* **What to work on**: All of the records should come back exactly as written.
───── Provided entries ─────
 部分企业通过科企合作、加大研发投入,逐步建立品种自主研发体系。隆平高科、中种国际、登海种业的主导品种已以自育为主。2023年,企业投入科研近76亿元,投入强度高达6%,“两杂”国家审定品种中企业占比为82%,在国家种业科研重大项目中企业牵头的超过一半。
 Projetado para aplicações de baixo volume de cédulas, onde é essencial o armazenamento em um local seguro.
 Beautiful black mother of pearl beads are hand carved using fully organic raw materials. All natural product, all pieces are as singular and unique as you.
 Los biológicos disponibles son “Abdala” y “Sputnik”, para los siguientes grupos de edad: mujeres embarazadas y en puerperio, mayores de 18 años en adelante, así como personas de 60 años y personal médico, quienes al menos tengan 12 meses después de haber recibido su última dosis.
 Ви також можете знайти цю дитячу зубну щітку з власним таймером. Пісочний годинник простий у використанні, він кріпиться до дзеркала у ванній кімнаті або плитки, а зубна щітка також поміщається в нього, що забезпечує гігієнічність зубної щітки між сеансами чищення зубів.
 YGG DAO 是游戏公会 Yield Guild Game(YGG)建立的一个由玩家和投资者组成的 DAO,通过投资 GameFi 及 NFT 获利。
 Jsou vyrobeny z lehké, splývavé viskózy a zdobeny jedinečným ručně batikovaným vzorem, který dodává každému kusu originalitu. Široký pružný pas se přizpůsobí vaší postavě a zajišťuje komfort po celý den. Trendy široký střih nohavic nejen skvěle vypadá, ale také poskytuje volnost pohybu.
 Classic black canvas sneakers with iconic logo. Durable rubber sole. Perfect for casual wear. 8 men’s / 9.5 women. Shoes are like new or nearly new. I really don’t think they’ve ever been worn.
─────
* **Expected answer**:
 部分企业通过科企合作、加大研发投入,逐步建立品种自主研发体系。隆平高科、中种国际、登海种业的主导品种已以自育为主。2023年,企业投入科研近76亿元,投入强度高达6%,“两杂”国家审定品种中企业占比为82%,在国家种业科研重大项目中企业牵头的超过一半。
 Projetado para aplicações de baixo volume de cédulas, onde é essencial o armazenamento em um local seguro.
 Beautiful black mother of pearl beads are hand carved using fully organic raw materials. All natural product, all pieces are as singular and unique as you.
 Los biológicos disponibles son “Abdala” y “Sputnik”, para los siguientes grupos de edad: mujeres embarazadas y en puerperio, mayores de 18 años en adelante, así como personas de 60 años y personal médico, quienes al menos tengan 12 meses después de haber recibido su última dosis.
 Ви також можете знайти цю дитячу зубну щітку з власним таймером. Пісочний годинник простий у використанні, він кріпиться до дзеркала у ванній кімнаті або плитки, а зубна щітка також поміщається в нього, що забезпечує гігієнічність зубної щітки між сеансами чищення зубів.
 YGG DAO 是游戏公会 Yield Guild Game(YGG)建立的一个由玩家和投资者组成的 DAO,通过投资 GameFi 及 NFT 获利。
 Jsou vyrobeny z lehké, splývavé viskózy a zdobeny jedinečným ručně batikovaným vzorem, který dodává každému kusu originalitu. Široký pružný pas se přizpůsobí vaší postavě a zajišťuje komfort po celý den. Trendy široký střih nohavic nejen skvěle vypadá, ale také poskytuje volnost pohybu.
 Classic black canvas sneakers with iconic logo. Durable rubber sole. Perfect for casual wear. 8 men’s / 9.5 women. Shoes are like new or nearly new. I really don’t think they’ve ever been worn.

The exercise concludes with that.